--- Data section ---
= Beginning of Section =
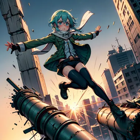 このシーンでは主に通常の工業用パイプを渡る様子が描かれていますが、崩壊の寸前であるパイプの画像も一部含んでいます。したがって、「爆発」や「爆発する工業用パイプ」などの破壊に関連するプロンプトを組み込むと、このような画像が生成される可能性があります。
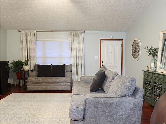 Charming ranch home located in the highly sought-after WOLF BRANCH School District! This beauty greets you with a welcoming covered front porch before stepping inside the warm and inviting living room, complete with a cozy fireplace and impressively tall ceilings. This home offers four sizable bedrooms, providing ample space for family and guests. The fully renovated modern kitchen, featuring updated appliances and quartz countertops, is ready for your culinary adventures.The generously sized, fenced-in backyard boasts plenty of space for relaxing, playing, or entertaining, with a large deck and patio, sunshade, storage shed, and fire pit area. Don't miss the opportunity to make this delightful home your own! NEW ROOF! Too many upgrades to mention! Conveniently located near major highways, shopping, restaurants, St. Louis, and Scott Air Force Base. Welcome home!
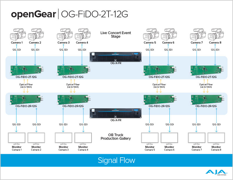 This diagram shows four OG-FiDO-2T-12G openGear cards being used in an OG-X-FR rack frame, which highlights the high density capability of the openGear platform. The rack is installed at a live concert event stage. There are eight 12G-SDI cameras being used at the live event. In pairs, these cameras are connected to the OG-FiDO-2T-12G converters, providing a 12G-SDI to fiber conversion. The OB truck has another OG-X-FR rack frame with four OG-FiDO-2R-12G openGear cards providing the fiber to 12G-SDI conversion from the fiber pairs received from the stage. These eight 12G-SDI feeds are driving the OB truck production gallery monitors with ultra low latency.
= End of Section =
Retype all of the data above word for word, excluding the pictures.

 このシーンでは主に通常の工業用パイプを渡る様子が描かれていますが、崩壊の寸前であるパイプの画像も一部含んでいます。したがって、「爆発」や「爆発する工業用パイプ」などの破壊に関連するプロンプトを組み込むと、このような画像が生成される可能性があります。
 Charming ranch home located in the highly sought-after WOLF BRANCH School District! This beauty greets you with a welcoming covered front porch before stepping inside the warm and inviting living room, complete with a cozy fireplace and impressively tall ceilings. This home offers four sizable bedrooms, providing ample space for family and guests. The fully renovated modern kitchen, featuring updated appliances and quartz countertops, is ready for your culinary adventures.The generously sized, fenced-in backyard boasts plenty of space for relaxing, playing, or entertaining, with a large deck and patio, sunshade, storage shed, and fire pit area. Don't miss the opportunity to make this delightful home your own! NEW ROOF! Too many upgrades to mention! Conveniently located near major highways, shopping, restaurants, St. Louis, and Scott Air Force Base. Welcome home!
 This diagram shows four OG-FiDO-2T-12G openGear cards being used in an OG-X-FR rack frame, which highlights the high density capability of the openGear platform. The rack is installed at a live concert event stage. There are eight 12G-SDI cameras being used at the live event. In pairs, these cameras are connected to the OG-FiDO-2T-12G converters, providing a 12G-SDI to fiber conversion. The OB truck has another OG-X-FR rack frame with four OG-FiDO-2R-12G openGear cards providing the fiber to 12G-SDI conversion from the fiber pairs received from the stage. These eight 12G-SDI feeds are driving the OB truck production gallery monitors with ultra low latency.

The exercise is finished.